(Task objective) Write out, word for word and with no pictures, each line below from the one containing "계정 설정 창의 데이터 파일 탭에서 파일 위치 열기(O) 단추를 클릭합니다." through the one containing "A mama bear", both included, and no other line.

(Data provided)
************

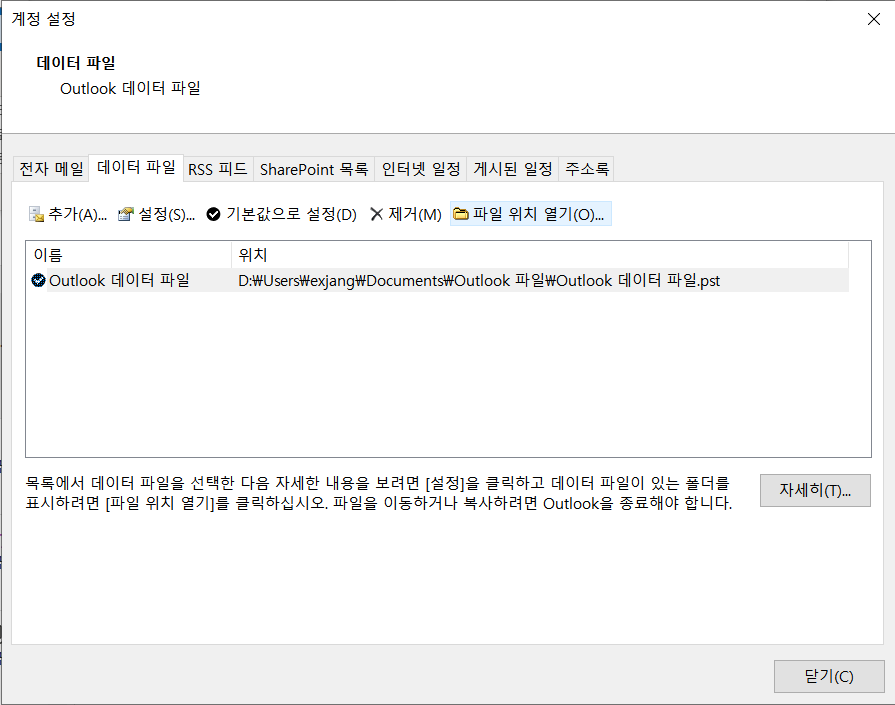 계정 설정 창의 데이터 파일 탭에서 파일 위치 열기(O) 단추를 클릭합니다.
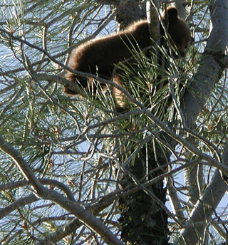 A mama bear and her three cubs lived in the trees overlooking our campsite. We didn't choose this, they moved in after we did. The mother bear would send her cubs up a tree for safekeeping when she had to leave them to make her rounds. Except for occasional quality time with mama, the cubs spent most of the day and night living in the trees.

************

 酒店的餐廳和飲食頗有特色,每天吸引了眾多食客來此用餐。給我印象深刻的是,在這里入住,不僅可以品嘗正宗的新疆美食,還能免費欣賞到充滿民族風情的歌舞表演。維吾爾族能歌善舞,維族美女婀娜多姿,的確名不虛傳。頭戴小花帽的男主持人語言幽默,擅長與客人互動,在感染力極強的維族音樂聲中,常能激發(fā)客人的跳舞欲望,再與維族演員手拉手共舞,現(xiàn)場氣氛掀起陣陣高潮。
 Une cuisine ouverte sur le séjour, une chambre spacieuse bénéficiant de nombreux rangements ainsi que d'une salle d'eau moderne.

************

(Written reply)
 계정 설정 창의 데이터 파일 탭에서 파일 위치 열기(O) 단추를 클릭합니다.
 A mama bear and her three cubs lived in the trees overlooking our campsite. We didn't choose this, they moved in after we did. The mother bear would send her cubs up a tree for safekeeping when she had to leave them to make her rounds. Except for occasional quality time with mama, the cubs spent most of the day and night living in the trees.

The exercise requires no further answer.